1 Data Sharing in Data Ecosystems

1.1 The Role of Data for Enterprises

The role of data for businesses has continuously changed over the last decades. The proliferation of the platform economy and the continuing consumerization of many areas of business, in particular industrial activities, are only two examples of developments which require enterprises to rethink the way they manage data—both internally and together with external partners.

When it comes to the role of data for enterprises today, four types of roles can be identified. First, data is still—as it has been over the last decades—an enabler of operational excellence within a company. Integration and automation of business processes requires an effective and efficient data resource management. Second, data has become a product which is sold in the market. For example, mobile telecommunication providers are used to sell anonymized data on the mobility and movement of their customers. The information generated from this data can be used, for example, by transportation and traffic agencies for maintenance plans of highway infrastructures or for better traffic management. Third, data is a source of business innovation. Data-driven services in various domains require access and combination of data from different sources provided by different members in a business ecosystem. Original equipment manufacturers (OEM) of industrial machinery, for example, collaborate with their customers, with service operators, component suppliers, and big data analytics firms to be able to offer better end-to-end maintenance services to their customers. And fourth, data is considered a strategic resource for the long-term sustainability of the economy. The European Union, for example, estimates the value of the data economy at 550 billion euros at minimum [1].
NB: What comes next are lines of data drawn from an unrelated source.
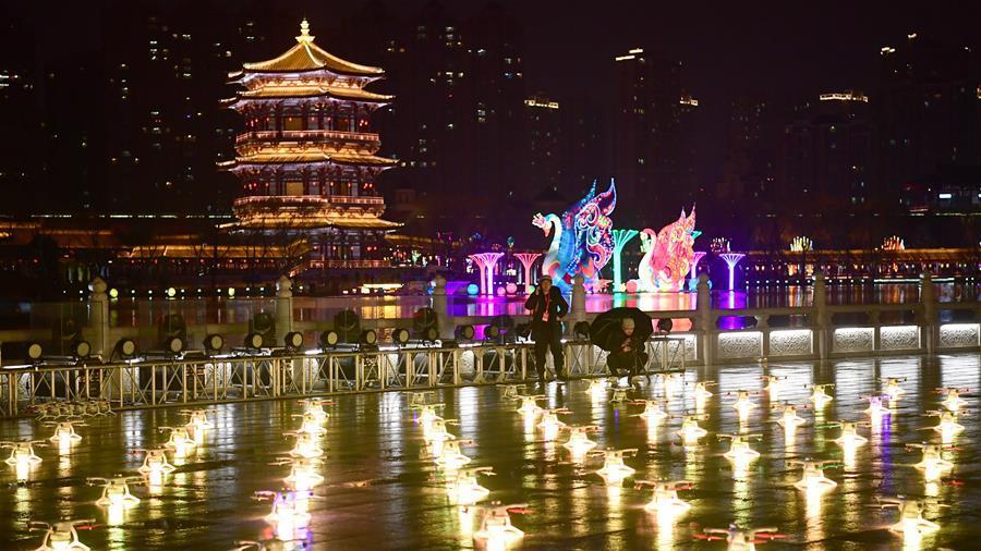 2月20日,300架無人機(jī)分為A、B兩組,通過動(dòng)態(tài)飛行和燈光變化在空中展示出多種不同造型,為市民和游客帶來新奇的新春視覺盛宴。
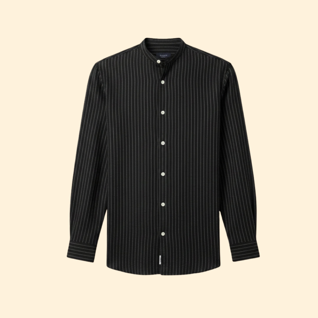 Men's Button-Down Shirt with Stand Collar
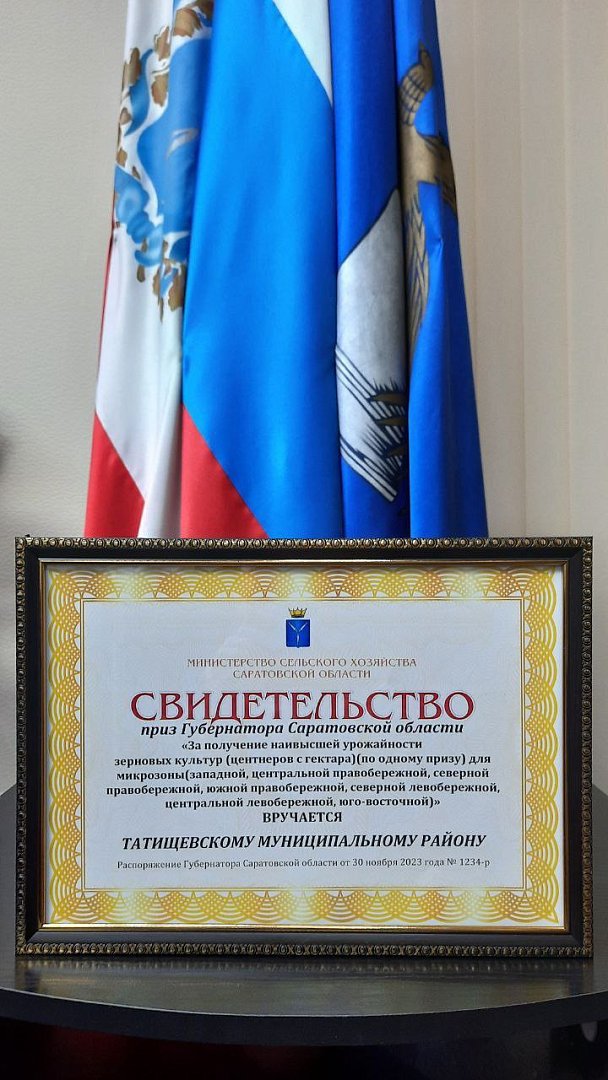 На торжественной церемонии глава региона вручил государственные и региональные награды работникам АПК Саратовской области, а глава Татищевского муниципального района П.В. Сурков получил Приз губернатора и Свидетельство «За получение наивысшей урожайности зерновых культур для микрозоны». Такой высокой награды Саратовской области, наш район удостаивается уже не в первый раз.
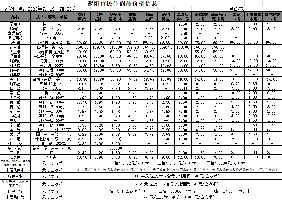 【物价】 2023-7-19衡阳市民生价格信息
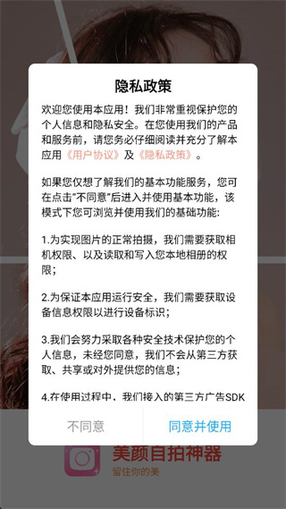 1、下载安装美颜自拍神器app仔细阅读隐私政策,点击同意并使用。

The value of data can only unfold when data is used [2]. Therefore, both policy makers and the private sector have an interest in increasing the use, and the re-use, of data. In particular, industrial enterprises possess a “treasure of data” which stems from manufacturing processes, from condition monitoring of installed base products and from the customer experiences. However, holders of this data have also an interest in not getting exploited when it comes to data. Making data available—in particular data of good quality—is not for free but comes at a cost. Thus, data providers must have a stake in the question on how their data should be used by others.

1.2 Data Sharing and Data Sovereignty

Data sharing goes beyond exchanging data. Data exchange has been happening between companies for more than 40 years. Electronic Data Interchange (EDI) is a good example. Message standards such as ANSI X.12 or EDIFACT define data exchange messages for trade and commerce and standardize purchase orders, invoices, dispatch notifications, etc. However, collaboration between EDI partners does not go beyond the pure exchange of data. The use of the data is limited for internal purposes of the involved parties. Data sharing, in contrast, means a collaborative use of the data for a shared goal [3]. Examples are collaborative customer innovation or efficiency gains for an entire group of companies.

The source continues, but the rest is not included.